Mosaic Law and the Code of Hammurabi
This is not the only episode in the Moses chronicles that has been borrowed from Babylon. Everyone is familiar with Moses receiving the ten commandments in two stone tablets from God in Mount Sinai. However, this story is originally Babylonian.

One of the most well known ancient code of law was the Code of Hammurabi, so name after the Amorite king Hammurabi who lived around 1700 BC. On the great Babylonian stone monument, known as the stele of Hammurabi, a drawing inscribed on it shows the great Amorite King receiving the tablets of the law from the sun god, Shamash.

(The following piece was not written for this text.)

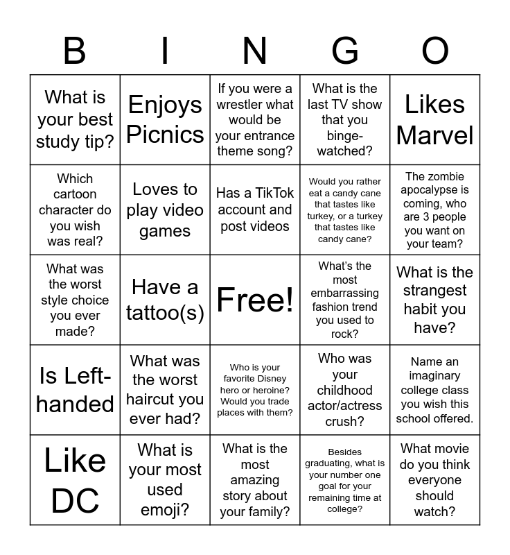 This bingo card has a free space and 33 words: Have more than 5 siblings, Traveled to a different state or country: Name the country/State, Have a tattoo(s), Have the same birthday month as you, Is Left-handed, Loves to play video games, Likes Marvel, Like DC, Enjoys Picnics, Knows how to ride a bike, Has a TikTok account and post videos, If you were a wrestler what would be your entrance theme song?, Have you ever been told you look like someone famous, who was it?, If you could bring back any fashion trend what would it be?, What’s the most embarrassing fashion trend you used to rock?, The zombie apocalypse is coming, who are 3 people you want on your team?, What is your most used emoji?, What was the worst style choice you ever made?, What was the worst haircut you ever had?, Who was your childhood actor/actress crush?, Who is your favorite Disney hero or heroine? Would you trade places with them?, What is your favorite midnight snack?, What is your best study tip?, What is the strangest habit you have?, What is the most amazing story about your family?, What movie do you think everyone should watch?, What is the last TV show that you binge-watched?, Would you rather eat a candy cane that tastes like turkey, or a turkey that tastes like candy cane?, Which cartoon character do you wish was real?, Name an imaginary college class you wish this school offered., What current fact about your life would most impress your five year old self?, Besides graduating, what is your number one goal for your remaining time at college? and Describe the best teacher you have had so far..

The similarity does not end here. On the stele too is inscribed the laws that made up the Code of Hammurabi. The general similarity between the code and The “Book of the Covenant” (Exodus chapters 21 to 23) and the legal codes of the books of Leviticus and Deuteronomy cannot be denied. The Mosaic laws were obviously written under the influence of the Babylonian code. [3] In some cases even the wordings are uncannily close to one another. For example take this one from the code on the principle of an-eye-for-an-eye:

If a citizen shall put out the eye of another, then let his own eye be put out.
If a citizen shall knock out the teeth of another who is higher in rank, then let his own teeth be knocked out.

This closely parallel’s one of the Lord’s commands in Exodus:

Exodus 21:23-24
And if any mischief follow, then thou shalt give life for life, Eye for eye, tooth for tooth, hand for hand, foot for foot,

Here is another example, the code gives the following principle:

If a citizen steals the son of another citizen, he shall be put to death.

The principle and wording is closely followed in the verse below from Deuteronomy:

Deuteronomy 24:7
If a man be found stealing any of his brethren of the children of Israel...then that thief shall die...
**********************************************
Moses was Egyptian royalty according to religious history myth. Instead, Moses is based on Babylonian royalty. Makes sense to me.

The other thing is that the Hammurabi tablets still physically exist. Moses' 10 Commandments don't physically exist, and probably never did.

And lets not forget that Israel was invaded by the Babylonian empire just before, according to my theory, that Judaism was invented. The indigenous people of Israel were really screwed with by Nebuchadnezzar and company. But the Babylonian folklore must have stuck by the time Ezra created monotheistic Judaism.

Is it coincidence that invader Nebuchadnezzar is mentioned in the bible as an evil insane idol worshiper and a polytheist. Don't be like him, he is a bad man, he screwed with the Jews. No more idols, only one God, you Jews got it? Good. We can't be like our conquerers.

To end off, when someone says the West is based on Judeo-Christian values, that is not the whole story. It is based on the laws of a King In Babylon who thinks the God of the Sun inspired him to jot down common sense (at that time) that he usurped from the Sumerians.